已按 @chenBright 在 #issuecomment-4319830604 的建议改成"回退 LocalityAwareLoadBalancer 这一侧的改动"，比迁移整条调用链更局部、更保守。

这个 PR 解决什么问题

#3268（"Use monotonic time instead of wall time"）把
LocalityAwareLoadBalancer::Weight::Update 的 end_time_us 与
LocalityAwareLoadBalancer::Describe 的 now 切到了
butil::cpuwide_time_us()，但所有产生 CallInfo::begin_time_us 的调用
方还在用 butil::gettimeofday_us()：

Channel::CallMethod（channel.cpp:451）→ Controller::IssueRPC →
Controller::Call::begin_time_us → SelectIn::begin_time_us →
CallInfo::begin_time_us
Controller::OnVersionedRPCReturned 中的 backup-request 与普通重试入口
（controller.cpp:672, 715）都是 IssueRPC(butil::gettimeofday_us())

时钟域错配导致：

const int64_t end_time_us = butil::cpuwide_time_us();         // 单调时钟，约 5e6
const int64_t latency = end_time_us - ci.begin_time_us;       // - 墙上时钟（约 1.7e15）
                                                              // ≈ -1.7e15 us
if (latency <= 0) {
    // time skews, ignore the sample.
    return 0;
}

每个 sample 都被 time-skew 短路丢掉。_time_q 永远拿不到新条目，
_avg_latency 一直是 0，locality-aware 反馈机制实际被静默关掉。

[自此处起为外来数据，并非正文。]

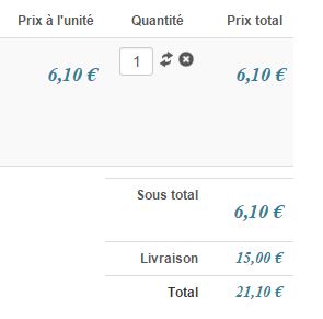 Pour la seconde question, voici ce que j'ai dans le panier, les prix sont affiché en HT

下游可观测的现象：冷启动场景下，list:// channel + lb=la + 2 个
backend、max_retry=1，第一个 backend 不通时，retry 偶发返回
EHOSTDOWN（Fail to select server from list://...），即使第二个
backend 是健康的。

Bisect / 复现

我在内部 fork 上对 brpc 1.16.1 与 1.17.0-rc2 之间的 51 个 commit 做了
bisect（master 代码不变，只换 brpc 版本），每一步在 2-backend
list:// + lb=la + max_retry=1 下跑探测 RPC 重复 500 次：

步骤	commit	失败
good	`c41e838a` Release 1.16.1	0/500
...	（4 个 GOOD 步骤）	...
#47	`771de31e` Fix UAF in LatencyRecorder	0/500
#48	`12fb539a` Use monotonic time (#3268)	25/500
#49	`b223e60b` Fix RDMA resource	30/500
bad	`604dad0c` 1.17.0-rc2	28/500

在 12fb539a 上做单行隔离实验：只把

 int64_t LocalityAwareLoadBalancer::Weight::Update(const CallInfo& ci, ...) {
-    const int64_t end_time_us = butil::cpuwide_time_us();
+    const int64_t end_time_us = butil::gettimeofday_us();

撤回（保留 #3268 其余所有改动），测试就回到 0/500 PASS。这把回归精确钉
到了那一行 end_time_us 切换。

改动内容

按 @chenBright 的建议，把 LocalityAwareLoadBalancer 一侧从 #3268 引入
的 cpuwide 改动回退，让它继续使用 gettimeofday_us()，与现有调用方对
齐：

文件	行号	改动
`src/brpc/policy/locality_aware_load_balancer.cpp`	21	include 注释回退到 `gettimeofday_us`
`src/brpc/policy/locality_aware_load_balancer.cpp`	379	`Weight::Update::end_time_us` 回退
`src/brpc/policy/locality_aware_load_balancer.cpp`	527	`Describe::now` 回退

Channel::CallMethod 与 Controller::OnVersionedRPCReturned 中那些
butil::gettimeofday_us() 调用都不用动；Controller::_begin_time_us、
Controller::latency_us() 等公开 API 的墙上时钟语义保持不变。

测试

新增 test/brpc_load_balancer_unittest.cpp::la_records_latency_with_consistent_time_source，
不依赖 Server / Channel 的 LB 单元测试。它驱动若干次
SelectServer + Feedback 循环，begin_time_us 用
butil::gettimeofday_us()（与 Channel::CallMethod 当前行为一致），并
断言 _avg_latency 反映了真实的过期时间，而不是被 time-skew 短路卡在
0。

如果将来有人再把 Weight::Update::end_time_us 切走，或者某个
CallInfo::begin_time_us 的调用方漂到了别的时钟域，这个测试都会失败。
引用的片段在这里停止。